Home Entertainment A public art project devoted to eradicating racism: AMENDS comes to MMoCA

A public art project devoted to eradicating racism: AMENDS comes to MMoCA


Starting in June, expect to see the windows of the Madison Museum of Contemporary Art filled with letters from Madison leaders identifying the pieces of themselves that are holding back equity. 

The project titled “Letters to the World Toward the Eradication of Racism,” is the first phase of a summer-long installation by nationally known artists Nick Cave and Bob Faust. The interactive exhibit known as Amends will be on display June 19 through Oct. 24 at MMoCA. 

The goal of the three-part project is to eradicate racism — starting with self, the artist’s facilitychicago.org website states.

Nick Cave (Photo by Sandro)

The exhibit has been set up for a year in the Chicago location known as Facility, and has had over 1,000 responses. Madison will be the second showing for the project. 

“It asks individuals to dig deep into themselves to acknowledge and take responsibility for their personal roles in the proliferation of racism through publicly shared confessions and apologies,” Faust and Cave wrote. 
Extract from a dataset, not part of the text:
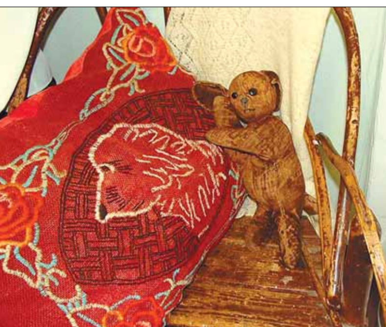
«Трофейная» подушечка и парголовский мишка

During the first phase, Mel Becker Solomon, who is curator of the Collection at MMoCA, told Madison365 that 25 leaders in Madison have agreed to write “letters to the world” on five of the museum’s windows. 

Those people include former mayor Paul Soglin; State Rep. Francesca Hong, President of the Madison Community Foundation Bob Sorge, interim Deputy Vice Chancellor for Diversity and Inclusion and Chief Diversity Officer Dr. Cheryl Gittens and Madison Mayor Satya Rhodes-Conway.

Bob Faust
(Photo by Wills Glaspiel)

Madison365 was not able to contact the artists directly, but Becker Solomon who has been working with the artists to get the installation ready said that although the majority of the work falls on white people, the confessions are open to everyone. 

“For Nick, this project was open to everybody in his life,” she said. “He reached out to Naomi Backwith, who is a Black curator at the Guggenheim, and she responded saying, ‘I was too silent. I didn’t speak up enough when I should have and I need to do better if I expect change.’”

Simultaneously, with Phase 1 which is signed letters, the Phase 2 of the project will open up the letters to anyone in the community. They can write anonymous letters on a yellow ribbon and tie it to a community closeline. 

Becker Solomon said the closeline is expected to travel to different places around Madison during the summer so people get an opportunity to contribute. 

The exhibit will be the first public exhibit at MMoCA’s new “The Shop” which was transformed from the gift shop to an educational community space for artists to interact with the community, and the community to interact with the art. 

“This act of writing really helps people mean it and feel it, and putting it out there for everybody to read,” she said. “While it’s a very private act – transcribing and writing down your emotions and your feelings surrounding racism and taking responsibility for it – it also opens it up to take that next step. So it’s a scary thing to do that – for most people to acknowledge what they’ve done wrong – people don’t like being wrong.

“But really stopping and writing it down and taking that first tiny, scary step of admitting it. It opens you up to taking further action, taking further steps and being braver in fighting racism and trying to eradicate it from our society and from our communities,” she added. 

The third phase of the exhibit is a call to action, Becker Solomon said. MMoCA is setting up performances of artists that center around Black voices and who want to respond to the yellow ribbons. The specific artists and times are still being determined.